Vendredi 29 mai 2020 : Dieppe – Veules-les-Roses
Je peine à me concentrer sur mes dernières heures de travail, Je n’ai qu’une hâte : partir. A 16h, je check une dernière fois mon vélo et mes sacoches, un bisou furtif à Clem qui est au téléphone, et je file. C’est étrange de retrouver mon vélo, surtout chargé de sacoches! Il est un peu dégonflé mais j’ai bien régler les plateaux. J’arrive à la gare de Rouen, ma destination : Dieppe.
Le train est long et chiant avec un masque. Je commence à flipper de ne pas réussir à trouver un bivouac ce soir. J’arrive un peu avant 18h. Je longe le front de mer en sortant et je coupe directement par la grande côte de Pourville pour sortir de Dieppe, ça chauffe les jambes mais ça passe. J’ai droit à une descente de ouf en arrivant à Pourville. J’y trouve une boulangerie pour racheter de l’eau et croissant et chips. La sortie de la ville se fait par une bonne côte bien ardu ! Une petite rue très raide et fréquentée. Je suis obligé de m’arrêter pour laisser passer les voitures. La traversée de Varengeville est très sympa, toutes les maisons en briques et silex charmantes. J’avance bien, je suis en pleine forme. Je suis dans mon élément, seul sur mon vélo. J’éprouve un sentiment de liberté infini après ces nombreuses semaines confinées.
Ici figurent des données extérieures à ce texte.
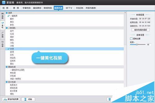 在“画面风格”面板中,爱剪辑预置了大量的唯美调色方案,包括“清新”、“日系”、“阿宝色”、“宝丽来”、“电影色调”等等,只需一键添加,就让配音视频变得美美哒!

J’espère trouver un bivouac près de Saussemare, mais il est encore tôt quand j’arrive. Je décide de pousser jusqu’à Veules-les-Roses. En sortant de Veule, je m’écarte de l’EV 4 et prend une variante via le GR. Il est presque 21h. Alors que je commence à vraiment me soucier de trouver un bon spot pour dormir, je trouve l’emplacement parfait dans un champ d’herbe fraîchement tondu, je m’installe au bord de la falaise et prends mes petites chips en apéro. J’assiste à un très beau coucher de soleil en mangeant ma gamelle de ravioli (au couteau, car je n’ai pas retrouvé mes couverts putain le boulet!).

La nuit est calme, je mets un peu de temps à m’endormir, incapable de mettre de l’ordre dans mes pensées. Je suis fier d’oser partir seul à l’aventure, mais en même temps je ne réalise pas vraiment. J’ai l’impression que tout cela fait partie de l’ordre naturel des choses. Le vent souffle légèrement et fait onduler la toile de ma tente. Une fraîcheur nocturne s’installe alors que les derniers rayons du soleil disparaissent définitivement. Le moindre mouvement déclenche un crissement du tapis de sol qui brise le silence de la nuit. Mes pensées se tournent vers Clem et les enfants. Ils ne sont pas avec moi, mais je les emmène dans mon cœur. Un jour, je les emmènerais parcourir le monde au rythme lent et savoureux d’une bicyclette.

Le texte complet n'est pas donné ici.